In the US you’ve got the right to a speedy trial, but you don’t have to have one if you don’t want to. Nobody really cares whether he’s behind bars awaiting trial, or behind bars after a conviction, so nobody’s pushing to speed things up.
So that doesn’t count as PC run amok either. At worst, it’s lawyers trying to pad their bills.
Al Dente says
Decker @38
Nasan was convicted and sentenced in 2013. Wikipedia sez:
Nisan was reduced to the lowest paygrade, forfeited all pay and allowances, and is awaiting execution at the United States Disciplinary Barracks at Fort Levenworth, KS.
HappyNat says
Chigau @42
shhhhh, Please don’t interrupt Professor Decker’s history lesson*. I think they are about to get to the part about how the pc culture has caused the US to lose every war the last 50 years.
*facts optional
Sili says
Is Decker trying to make a coherent point, or are they just smashing the keyboard impotently?
brucegee1962 says
Well, you know, I can think of a few cases that actually could be termed “Political Correctness run amok.”

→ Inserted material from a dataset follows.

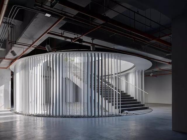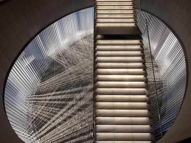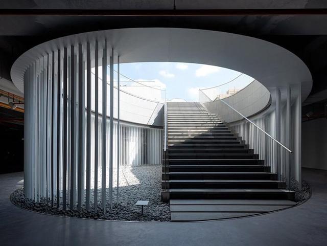 原研哉和 Noiz 試圖設計一個四維平面空間,讓自然光能巧妙地落在計算範圍內。其作法就是在階梯處打造一個橢圓形的場域,並在周圍設置如百葉窗的金屬垂直結構,當自然光灑落而下時,這個設計就像光學裝置一般形成動態的光影變化,也為黑暗的地下停車場空間帶來有趣端景。

There was a case a few years ago where a college put out a job advertisement that said that said they were looking for a “dynamic” individual. Someone on the faculty complained about the advertisement, because she claimed that “dynamic” was a codeword for “male” because men were thought of as more dynamic than female. Clue for when you’re being sexist: when you diss your own entire gender like this. I’d say the majority of my most dynamic teachers have been women.
Another case: People objecting to the use of the words “niggardly” and “picnic” because of false etymology. When people pointed out that the etymology was false, they continued to lobby for the words to be labeled racist.
So yes, I’d say both of these are PC run amok.
But you know what? So what! Sure, in any movement, there will be some who take it too far. That doesn’t invalidate the premises of the movement. There were abolitionists who went overboard, and suffragettes, and Black Panthers, and truly misandrist feminists. But that doesn’t mean that the goals of any of those movements were wrong. Does the existence of Robespierre prove that we should bring back a hereditary aristocracy?
So screw Sam Harris. He could find a hundred examples of PC run amok. So what? That would prove exactly nothing about the values of the movement.
Jacob Schmidt says
I’ll admit to being on edge when I see the word “niggardly” used. Not because of any false etymology, but because every time I see it used, it’s use is somehow linked to the slur.
left0ver1under says
Jacob Schmidt (#48) –
I avoid it not because of phonetic similarity, but because miserly is easier to say. And I prefer skinflint, tightfisted and tightwad because they’re funnier.
Decker says
@25 Decker — okay, you’re a racist. So’s Harris.
My…I’m so insulted!
md says
Going to be pretty tough to top Rotheram.
md says
Smith College denouncing Wendy Kaminer, former board member on the ACLU, as a racist over her recent talk is a good example.
Crimson Clupeidae says
Yes, it says that Harris, too, is a thinky man’s thought leader, with lots of manly thinkiness…or is it thinky manliness?
I’m a fan of parody (e.g. Weird Al), but it’s usually only funny if it’s intentional.
Ouch.
Joseph Solomon says
“Looking for cherries to pick. Please send low-hanging fruit to my website. Ignore bulk of reasonable objections. Has worked thus far.”